[The following focuses on an advertisement in Massachussets Lawyers Weekly, which featured a naked woman, covered by a man's suit coat, pulling a professionally-dressed man toward her by his tie, with the words, "A custom tailored suit is a natural aphrodisiac." Several female attorneys wrote in to complain, and a handful of "feminist" defenses of the ad followed. This is a response to some of those arguments.]
If this ad is somehow represents the idea that women can be sexual, then that idea isn't really new at all, is it? Women's bodies have been used in advertising to sell goods and services for decades. Highly sexualized images of women are nothing new -- and I don't think they're particularly empowering, given that the women in these ads are not sexual subjects (her pulling him doesn't change thousands of years of gender dynamics and decades of sexist advertising).

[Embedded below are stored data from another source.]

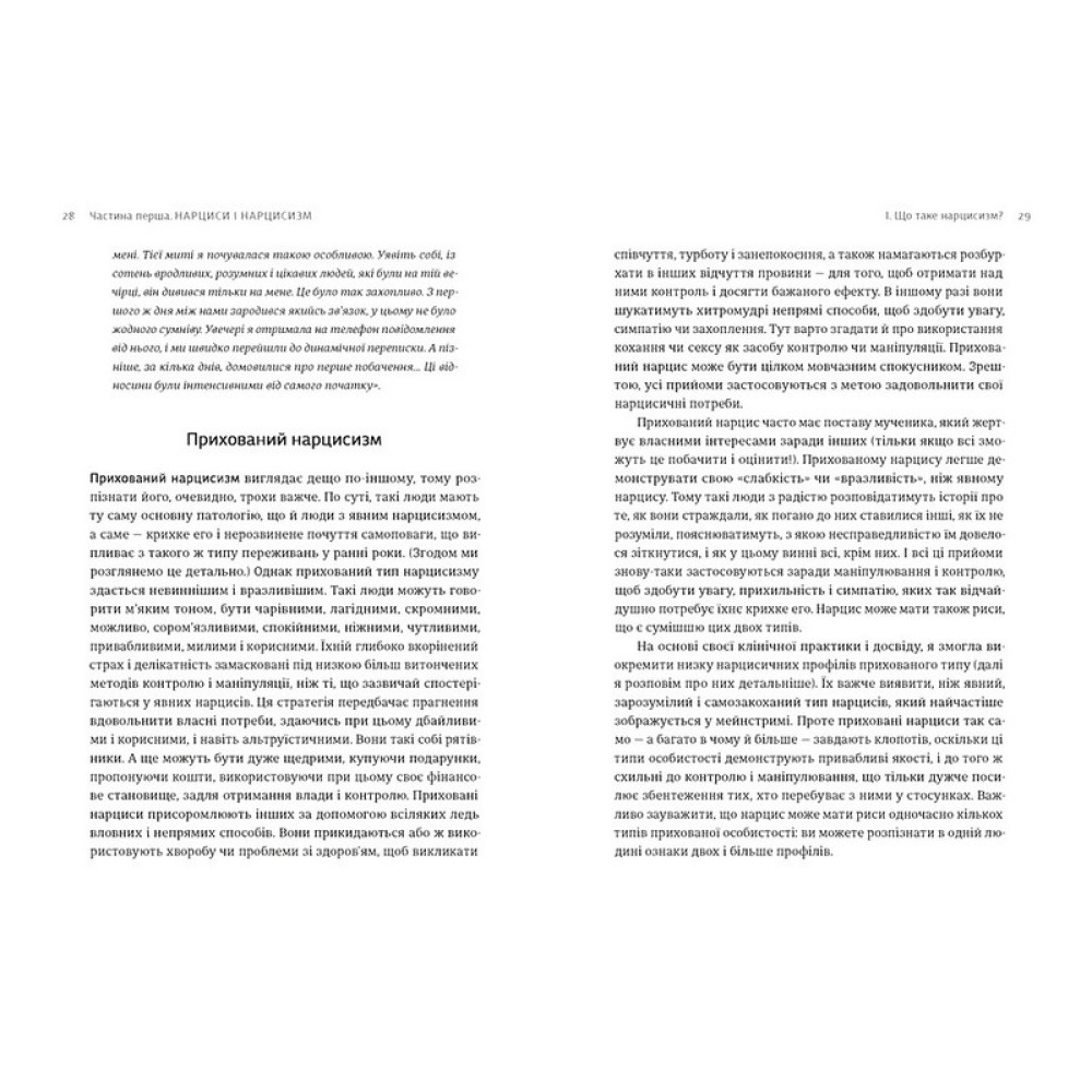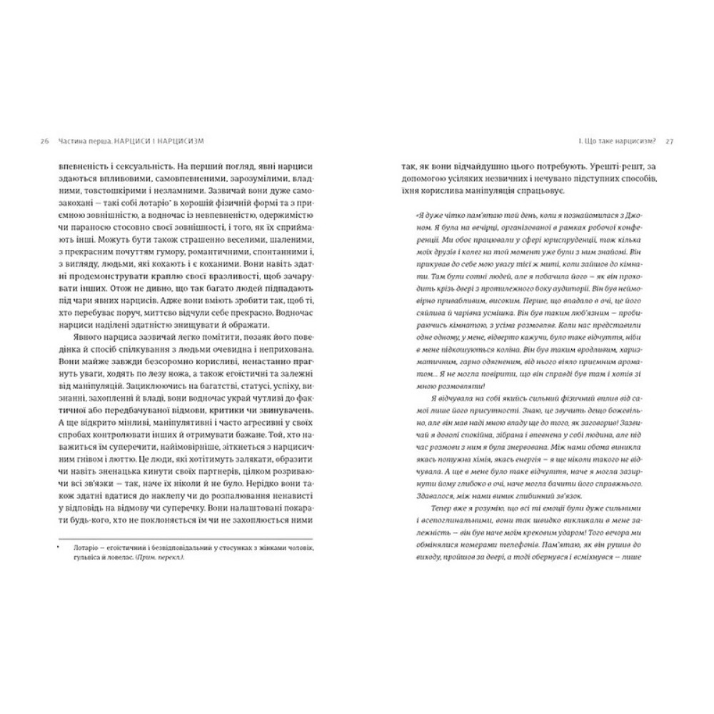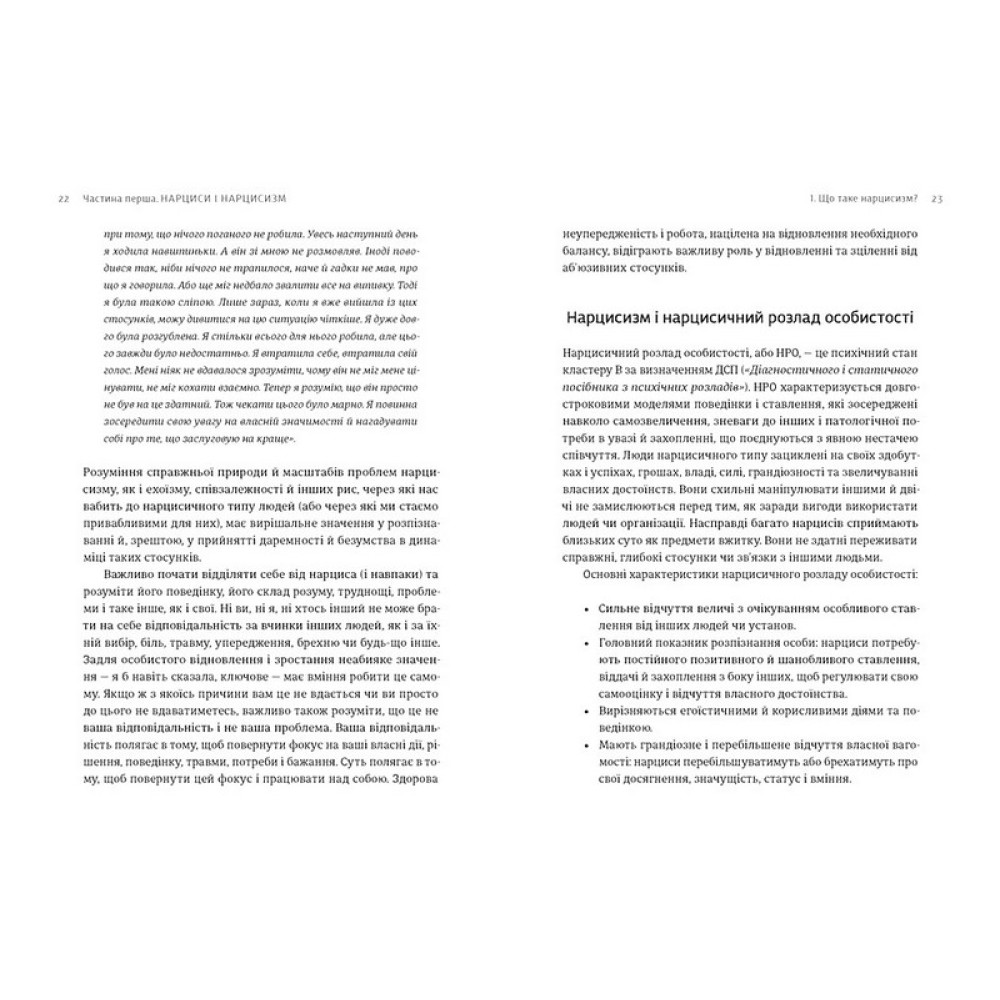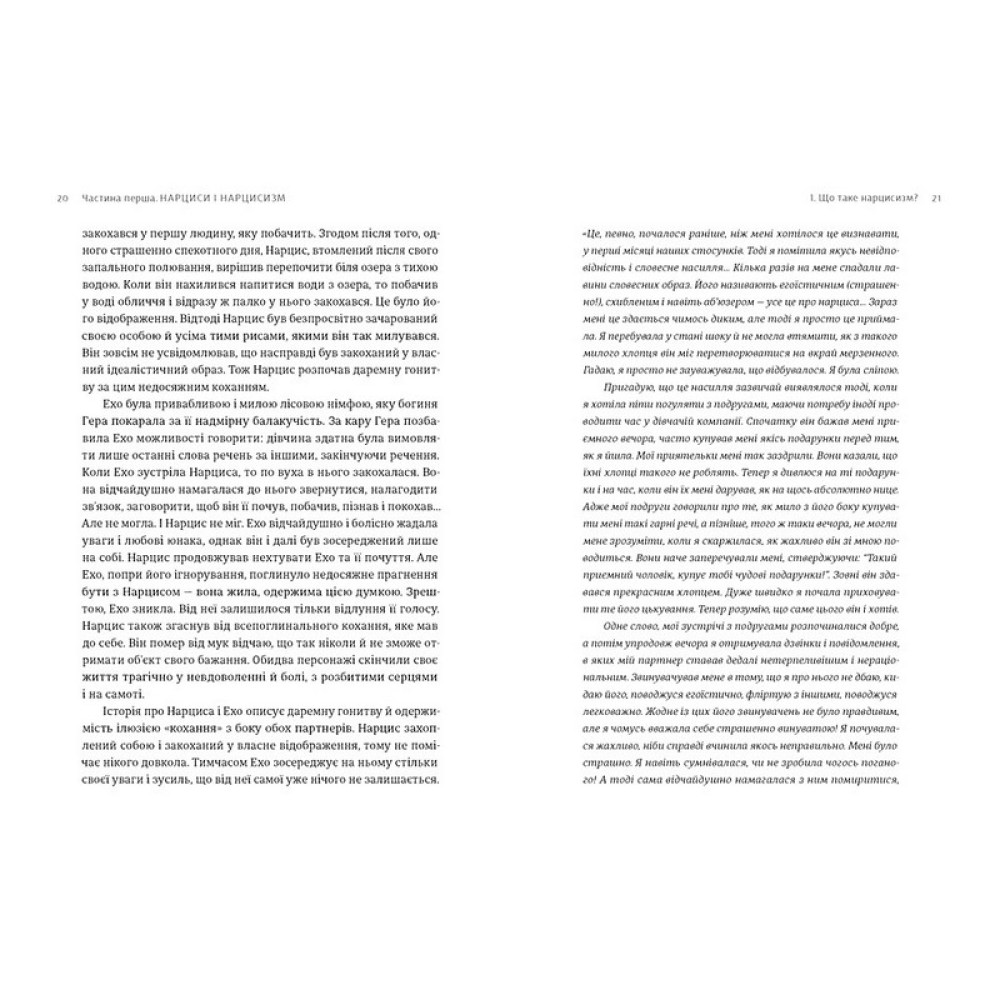Легенда про самозакоханого грецького Нарциса та закохану в нього Ехо — стара як світ, але вона до нині про одержимість та сліпоту ілюзорного кохання та даремність подібних стосунків. Як розпізнати нарциса, розуміти його поведінку, склад розуму, задля особистого відновлення? Як розірвати токсичні стосунки з особою-нарцисом, а найголовніше, як зрозуміти, прийняти і пережити цей досвід? Ви не можете змінити нарциса, але можете змінити спосіб поводження з ним. Психологиня і терапевтка з психічного здоров’я докторка Сара Девіс, яка спеціалізується на лікуванні нарцисичного насильства, співзалежності, стресу, тривоги та травми, пропонує у цьому практичному посібнику зрозуміти природу стосунків із нарцисом і назавжди звільнитися від них.
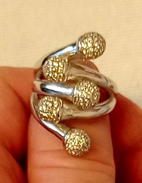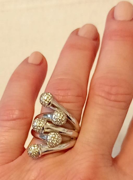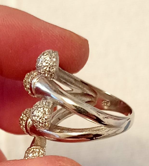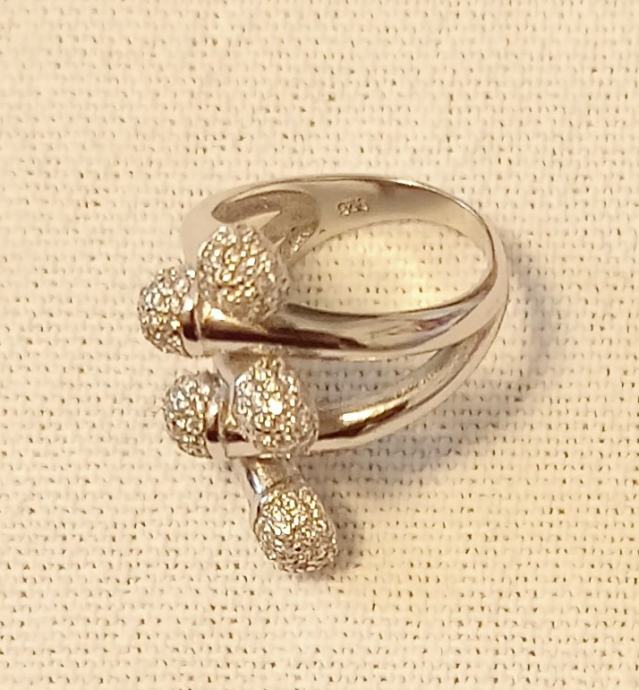 Potpuno novi srebrni prsten s prozirnim cirkonima. Prsten je vrlo bogate izrade.
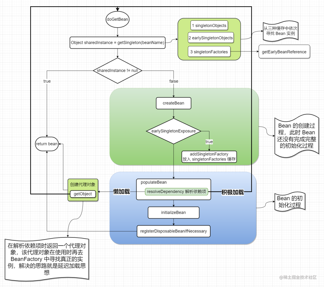 本章讲解了 构造器依赖注入时循环引用 和 属性方法依赖注入时循环引用 的场景。在构造器注入时得到的依赖项是经过了完整的初始化过程的,可以说是得到的一个完整的 bean 。而属性或方法注入的场景得到的 bean 是没有经过完全初始化的,所以在使用 bean 时需要警惕.
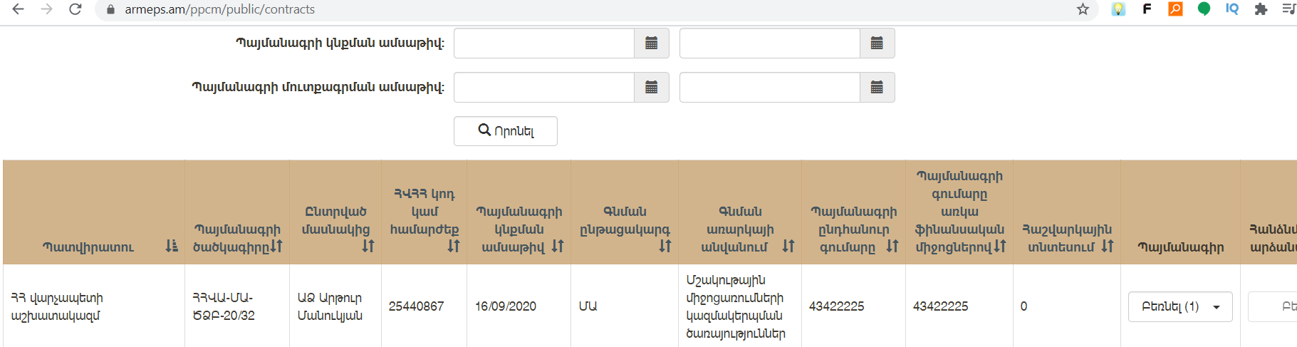 Այսպես՝ «Armeps» էլեկտրոնային հարթակում տեսնում ենք, որ Վարչապետի աշխատակազմը 2020 թվականի սեպտեմբերի 16-ին մոտ 43 մլն դրամի գնման պայմանագիր է կնքել Արթուր Մանուկյան ԱՁ-ի հետ (ՀՎՀՀ 25440867)։ Առկա է ընկերության հասցեն, բանկային հաշիվը և այլն։
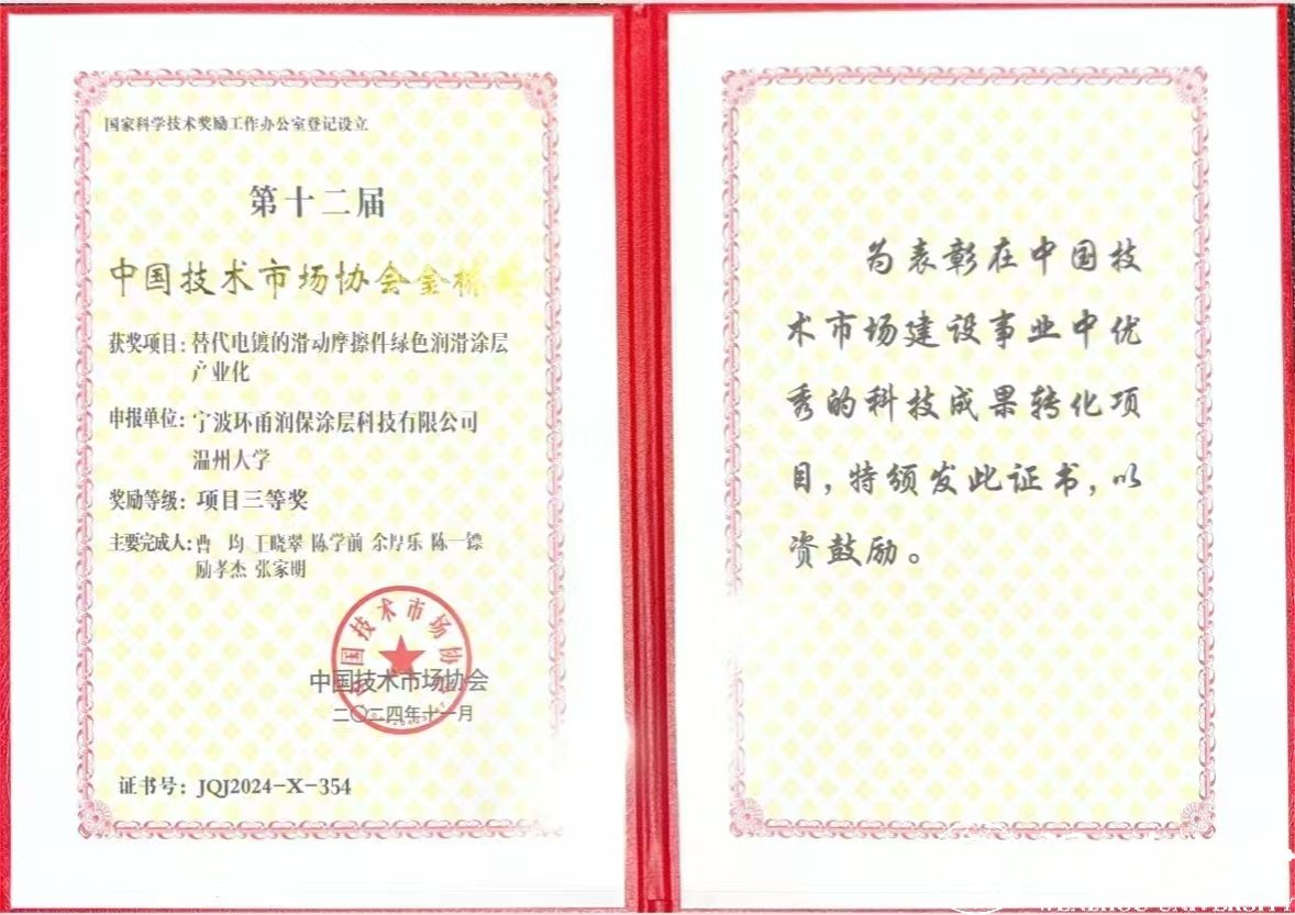 近日,在中国技术市场协会举办的第十二届中国技术市场协会"金桥奖"颁奖现场,由亚洲无码 选送的"替代电镀的滑动轴承摩擦件绿色润滑涂层产业化"项目经过7个月的严格评审,脱颖而出,最终获得国家级项目三等奖。
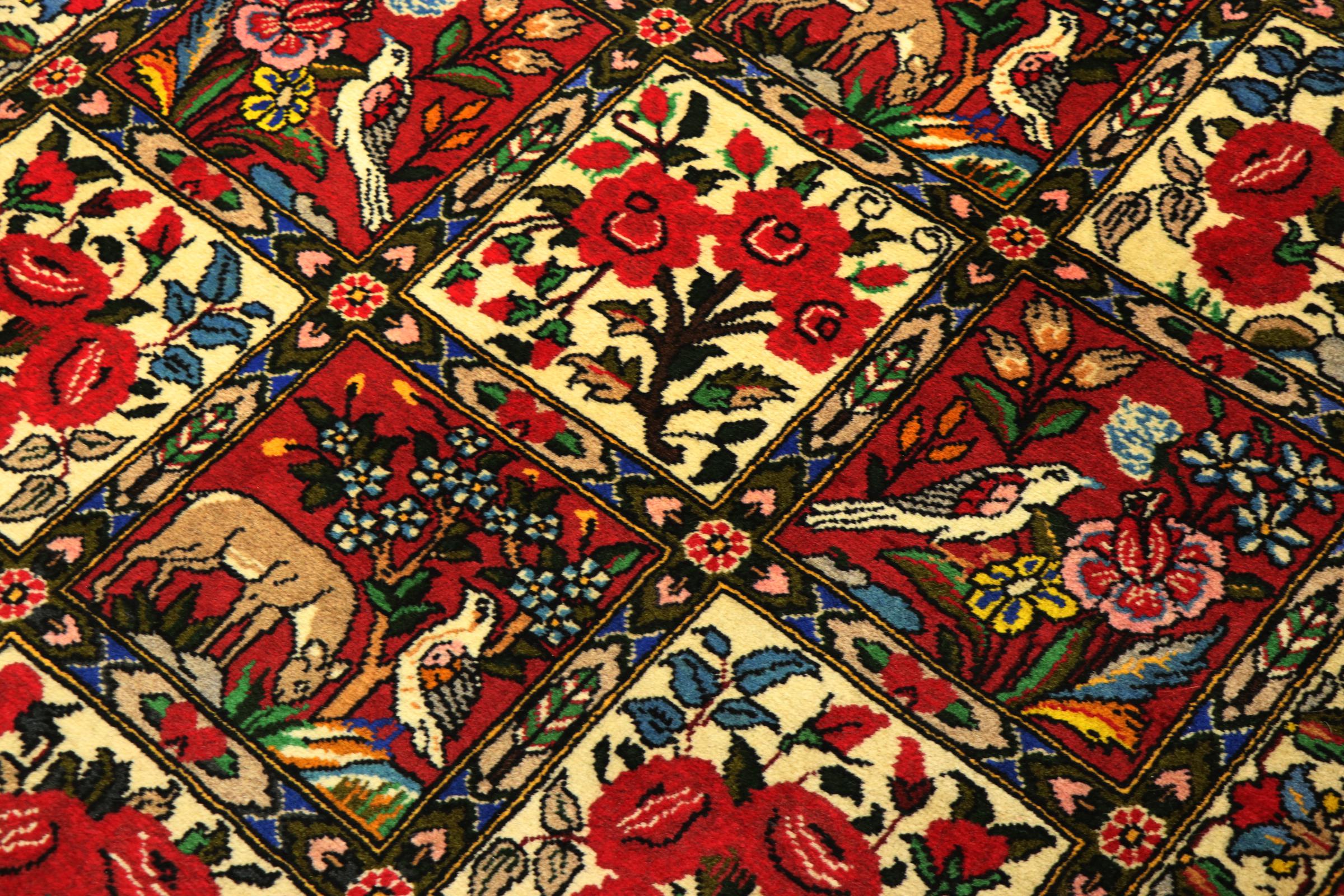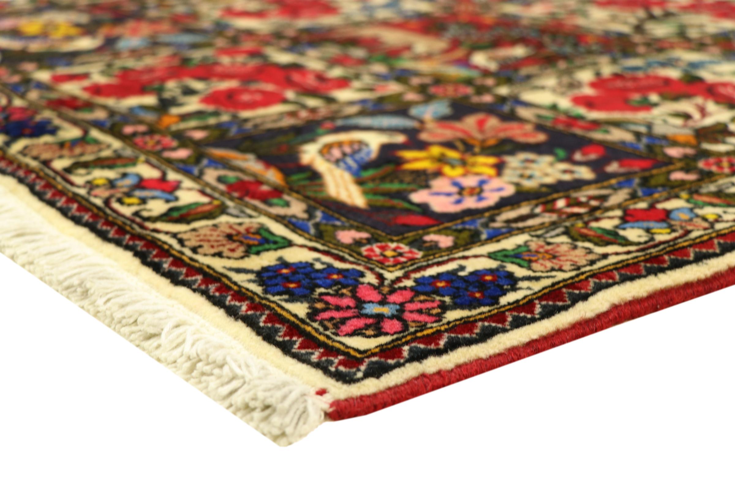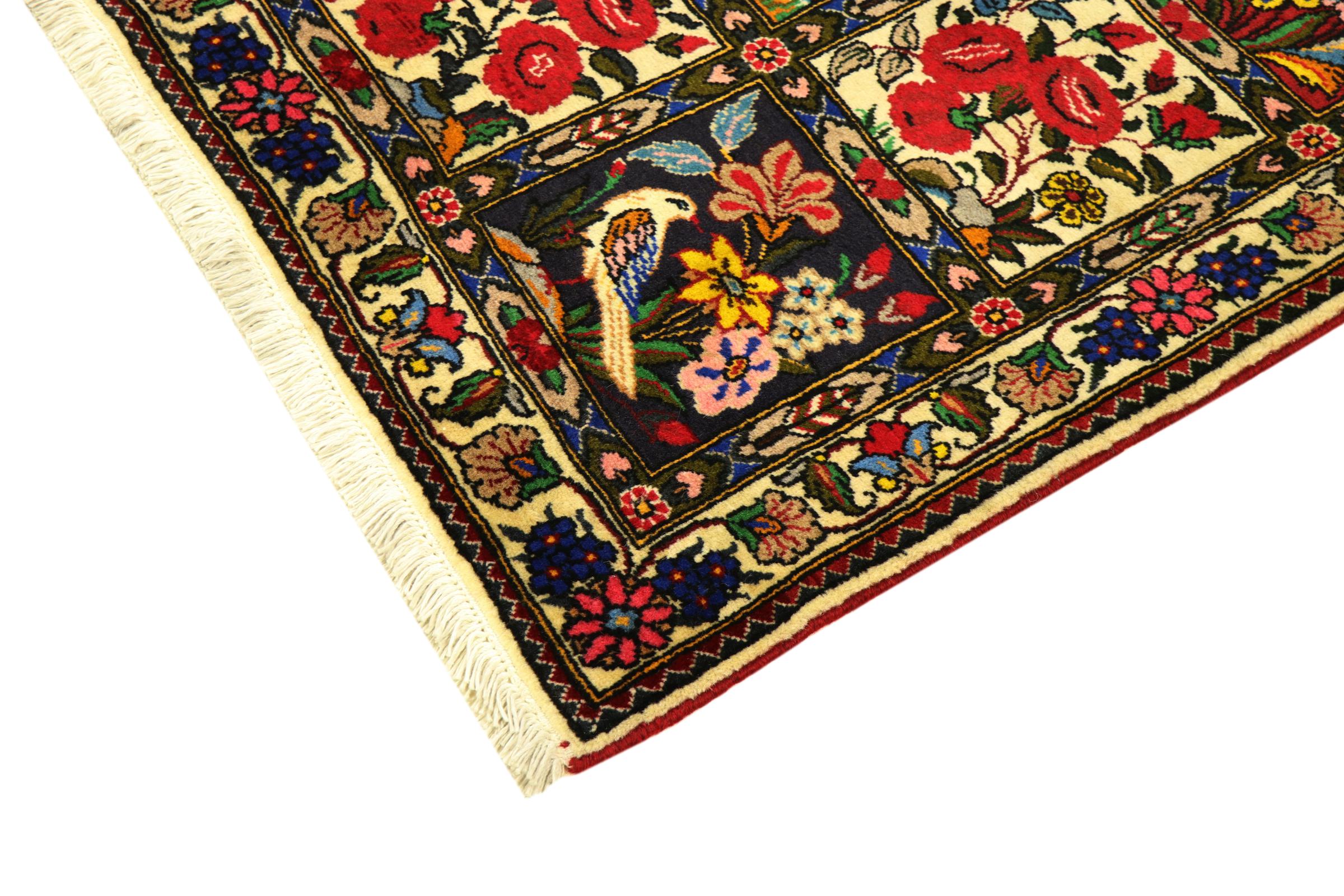 Rug ID: 314302007913094 Size: 5'2"x3'5" ft Thickness: ap. 0.47 in Knot density: 82 - 103 / square inch Manufacturing: Knotted by hand Pile: Handspun wool Warp: Cotton Origin: Persia / Iran Age: New Weight: ap. 15 lb Also know as Baktjar In stock: Unique - Only 1 in stock

Perhaps the ad is structured in a way that tells the viewer that men should buy these suits because they'll impress women. Is that progressive? Is that a good thing? And I'd argue that it's less about impressing women and more about having access to them -- work a well-paying job as an attorney, drive a nice car, live in a nice house, fuck a hot chick, wear some expensive clothes, etc -- in other words, consume women the same way that you do other luxury items. Not progressive, not empowering, and certainly not new.
I also don't think that this ad is turning men into sexual objects, but if it is, should we be applauding that? If the message is that men now have to put as much effort into making themselves presentable objects as women do, and that men's bodies are as worthy of objectification as women's bodies are, should we be happy? Is that a feminist goal – to bring everyone down to a lower level? I don't see much of a point in "equality" if it means that we're all ending up at the lowest point possible. And I don't think that approaching dating, marriage and pair-bonding as a competition based on who can spend the most money on being attractive (and who can consume the most in order to have access to an attractive partner in the same way that you'd have access to a fancy car) is something we should be encouraging or striving for. It's an ideal that's been in existence for a very, very long time, and it's something that feminists and pro-feminists have traditionally spoken out against.
There's nothing wrong with the suggestion that lawyers, like all human beings, are sexual creatures. That's not what people are objecting to here. The issue is that women have had a hell of a time gaining access to the kinds of positions that wealthy white men in this country have always had access to. We might make up 50% of the law school, but law firms are still dominated by white men -- and will probably continue to be into the foreseeable future. Having an ad like this in a magazine that caters to a diverse professional audience is offensive. The ad itself isn't any more offensive than most of what we see in advertisements every day; but it's placement is frustrating.
As for the idea that lawyers have discovered that "sex sells," it wasn't lawyers who made this ad. Advertising execs have always known that sex sells. The lawyers and editors who run this magazine don't really care if the things they advertise sell well or not; they care about selling the ad space, not the effectiveness of the ads run in that space. So I don't think that this is about lawyers finally catching on to some greater cultural/economic truth -- it's about what standards we hold our professional peers to, and drawing lines in the sand about what are and are not acceptable representations of women in publications that are supposed to speak to us.